Task instructions: Return only the lines of the data below from the line with "BRUNO βραστήρας νερού" up to and including the line with "Camisa color champán", exactly as written, with the pictures omitted.

══ Data for review

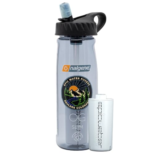Epic Water Filters Nalgene OG Water Bottle with Filter, USA Made, BPA Free, Removes 99.99% Tap Water Contaminants, Forever Chemicals, Smoke Grey, 32 oz
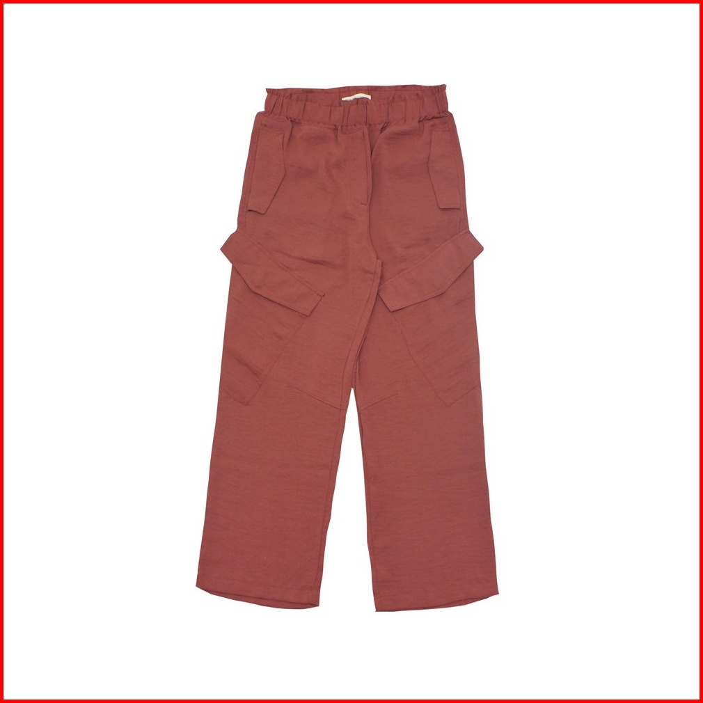 Greenlight Celana Cargo Wanita Polyester Crinkle Long Pants Stretch Waist C070923
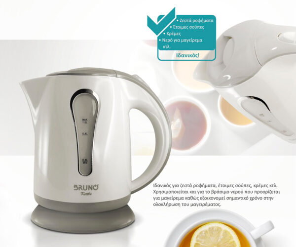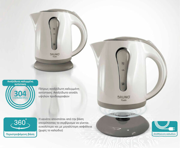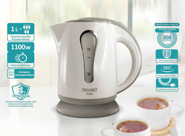 BRUNO βραστήρας νερού BRN-0141, 1L, 1100W, λευκό-γκρι
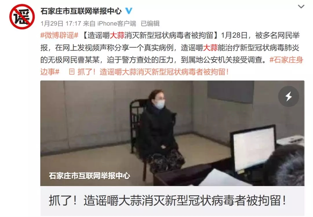 由石家庄的曹某某所拍摄的、名为“嚼大蒜治新冠”的视频,在2020年初的时候,于快手等平台的播放量超出了十万次。他在该视频里,信誓旦旦地“分享真实案例”,可实际上却是道听途说后还添油加醋。石家庄警方依据法律,对其执行拘留5日的处罚,这创下了疫情期间因传播虚假医疗信息而被拘留的首批案例。在患者求药若渴的那个时刻,假偏方就等同于害命。
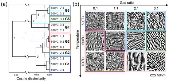 (a) Hierarchical clustering of Pt-CeO2 nanostructures with cosine dissimilarity calculated from zeroth vectorized PDs. The branch points are numbered as 1, 2, … in descending order of cosine dissimilarity. The dashed line is the threshold for clustering and is the maximum deviation calculated from the mean of cosine dissimilarity for the same set of synthesis conditions. The 12 nanostructures were finally clustered into six groups (G1–G6). (b) Binarized STEM images of Pt-CeO2 nanostructures surrounded by the colors corresponding to those of the six groups (G1–G6) in (a).
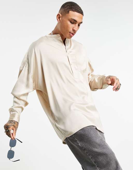 Camisa color champán extragrande sin aberturas con cuello mao de satén de ASOS DESIGN
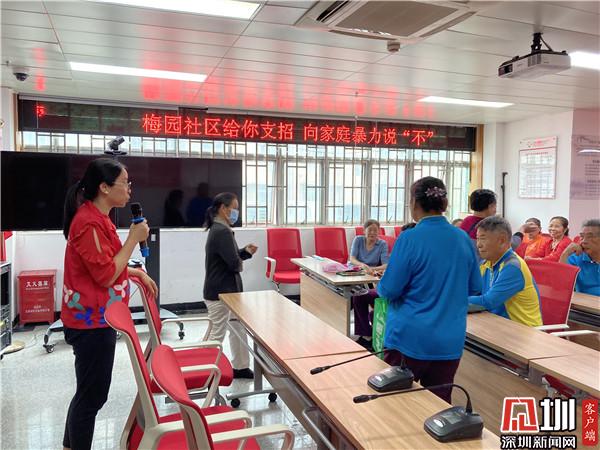 见圳客户端·深圳新闻网11月25日讯(记者 刘嘉敏 通讯员 梁嘉丽 张亮亮)每年的11月25日也被称为“国际消除家庭暴力日”,随着时代的发展,大家对家暴的认知,不只是普遍认知的身体虐待,更多的是关注,情感的冷遇和言语的辱骂所带来的伤害。怎样才是对待亲人的合适方式?学会向家庭暴力说“不”,社工给您支招。11月24日下午,在深圳罗湖区清水河街道梅园社区党群服务中心开展了一场“反家暴”宣讲活动,预防和制止家庭暴力,保护家庭成员的合法权益。
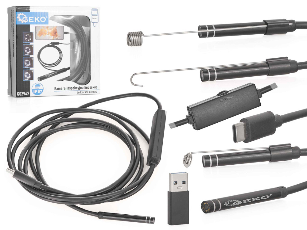 Endoskop funguje so smartfónmi a tabletmi s verziou Androidu nad 6.0, ktoré podporujú štandard OTG. Sada obsahuje sadu príslušenstva (háčik, magnet, zrkadlo)
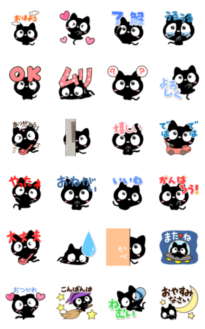 画面いっぱいに飛び出す『クロネコすたんぷ』。かわいく動く毎日便利で目立つ黒猫。可愛いくろねこ好きな方にぜひ。【かたこ】アニメーション・ポップアップ・とびだすかたこ より発売

════

Your solution:
 BRUNO βραστήρας νερού BRN-0141, 1L, 1100W, λευκό-γκρι
 由石家庄的曹某某所拍摄的、名为“嚼大蒜治新冠”的视频,在2020年初的时候,于快手等平台的播放量超出了十万次。他在该视频里,信誓旦旦地“分享真实案例”,可实际上却是道听途说后还添油加醋。石家庄警方依据法律,对其执行拘留5日的处罚,这创下了疫情期间因传播虚假医疗信息而被拘留的首批案例。在患者求药若渴的那个时刻,假偏方就等同于害命。
 (a) Hierarchical clustering of Pt-CeO2 nanostructures with cosine dissimilarity calculated from zeroth vectorized PDs. The branch points are numbered as 1, 2, … in descending order of cosine dissimilarity. The dashed line is the threshold for clustering and is the maximum deviation calculated from the mean of cosine dissimilarity for the same set of synthesis conditions. The 12 nanostructures were finally clustered into six groups (G1–G6). (b) Binarized STEM images of Pt-CeO2 nanostructures surrounded by the colors corresponding to those of the six groups (G1–G6) in (a).
 Camisa color champán extragrande sin aberturas con cuello mao de satén de ASOS DESIGN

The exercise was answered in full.